The exact Tur\'an number of generalized book graph $B_{r,k}$ in non-$r$-partite graphs

TL;DR

This paper determines the exact maximum number of edges in large non-$r$-partite graphs that are free of a generalized book graph $B_{r,k}$, extending extremal graph theory results for color-critical graphs.

Contribution

The paper provides the exact Turán number for the generalized book graph $B_{r,k}$ in non-$r$-partite graphs and characterizes all extremal graphs for large $n$.

Findings

Exact value of $ ext{ex}_{r+1}(n,B_{r,k})$ is established.

All extremal graphs for the problem are characterized.

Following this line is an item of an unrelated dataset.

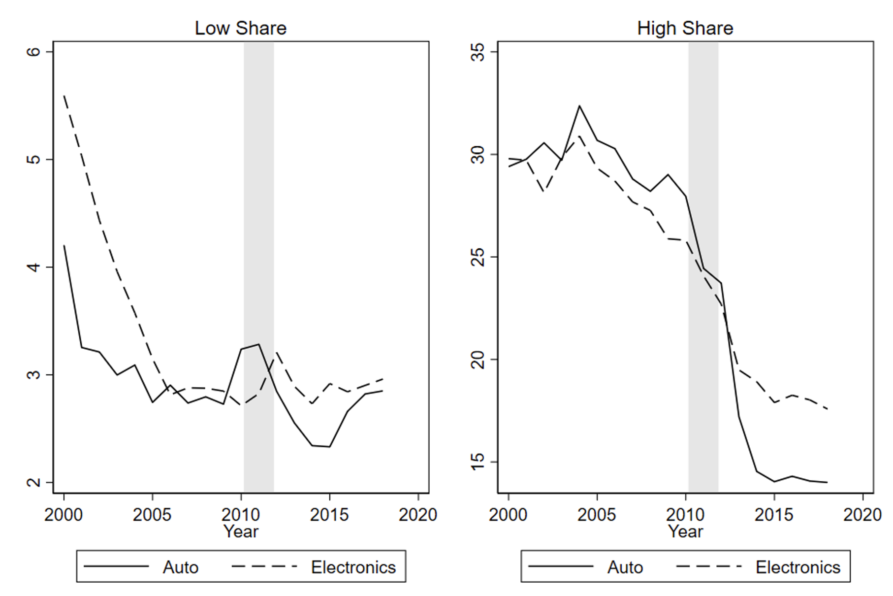 Notes: The figures plot Japan’s average market share for auto and electronics for country-products in which Japan had an average market share below 15% (left panel ‘Low Share’) and in country-products in which Japan had an average market share greater than 15% (right panel ‘High Share’) calculated over the 2004-2010 period. The sample for auto is restricted to the 15 largest auto producers and for electronics to the 15 largest exporters of final electronics (because country-level production data is not available for electronics), in both cases Japan is excluded.

Results extend extremal graph theory for color-critical graphs.

Abstract

Given a graph $H,$ we say that a graph is \textit{$H$-free} if it does not contain $H$ as a subgraph. The Tur\'an number $\ex(n,H)$ of $H$ is the maximum number of edges in an $n$-vertex $H$-free graph, the set of all the corresponding extremal graphs is denoted by $\Ex(n, H)$. The study of Tur\'an number of graphs is a central topic in extremal graph theory. A graph is \textit{color-critical} if it contains an edge whose deletion reduces its chromatic number. Simonovits showed that if $H$ is a color-critical graph of chromatic number $r+1,$ then for sufficiently large $n,$ $\Ex(n, H)=\{T_r(n)\},$ the $r$-partite Tur\'an graph of order $n.$ Given a color-critical graph $H$ with chromatic number $r+1,$ it is interesting to determine $H$-free non-$r$-partite graphs with maximum number of edges. For a graph $H$ with chromatic number $r+1,$ denote $\ex_{r+1}(n,H)$ the maximum number of edges in non-$r$-partite $H$-free graphs of order $n,$ the set of all non-$r$-partite $H$-free graphs of order $n$ and size $\ex_{r+1}(n,H)$ is denoted by $\Ex_{r+1}(n, H)$. For $r\geq 3,\,k\geq1,$ the generalized book graph \({B}_{r,k}\) is a graph obtained by joining every vertex of $K_r$ to every vertex of an independent set of size \(k\). Note that \({B}_{r,k}\) is a color-critical graph of chromatic number $r+1.$ In this paper, based on the stability theory and local structure characterization, the exact value of $\ex_{r+1}(n,B_{r,k})$ is determined and all the corresponding extremal graphs are identified, where $r\geq 3,\,k\geq1$ and $n$ is sufficiently large.